Then you make the turn on the dogleg on the par-4 third hole and it all becomes clear. You look up (hopefully on your second shot) and see a row of flashing, white bunkers leading the eye down to the blue Pacific. A giant, deep-green cypress tree on the right side of the green frames the photo, and you can perhaps see the outlines of Monterey Bay’s famous sea lions swimming through beds of sea kelp.
You get up close and personal with the critters on number four, the first of nine oceanfront holes on the course. It’s just 327 yards to the centre of the green from the blue tees and only 295 from the whites, but you’ll want to lay up to avoid the nasty necklace of bunkers that guard the left side of the fairway—not to mention that big swatch of rocks and ocean on your right.
Playing the sixth hole, it’s almost impossible not to be impressed about Tiger’s shot from the thick grass next to the fairway bunker in his record-setting U.S. Open win in 2000, a ridiculous iron shot that carried up the massive hill and nestled some 10 feet from the pin.
Seven is the glorious, downhill par-3 that goes down to Monterey Bay; a great hole but an even greater view.

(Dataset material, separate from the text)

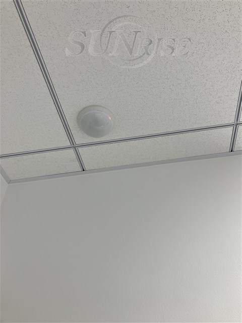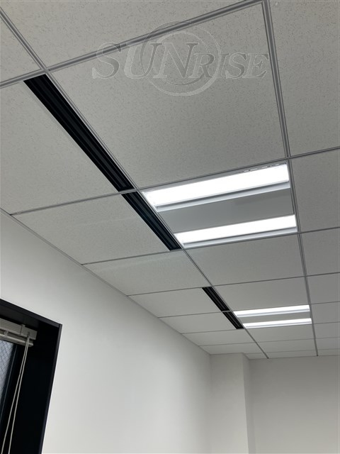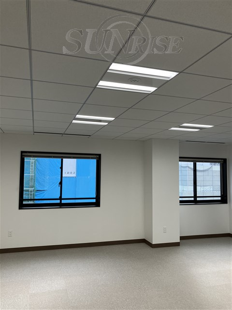窓面が広く明るいオフィス。システム天井で自由なレイアウトを実現。

The par-4 eighth takes you over what the yardage guide calls “a deep, oceanic chasm,” and that’s about right. No less an authority than Mike Weir calls it one of his favourite holes in the world.
“Normally when I’m playing, I’m pretty focused. But you can’t help it at Pebble Beach, taking a look out at that bay when you’re playing holes four to 10.
“It’s just so beautiful. My favourite is probably No. 8, that second shot over the ravine. Wow. But there are so many great ones. Seventeen is a wonderful par-3 and 18 is just a great par-5.”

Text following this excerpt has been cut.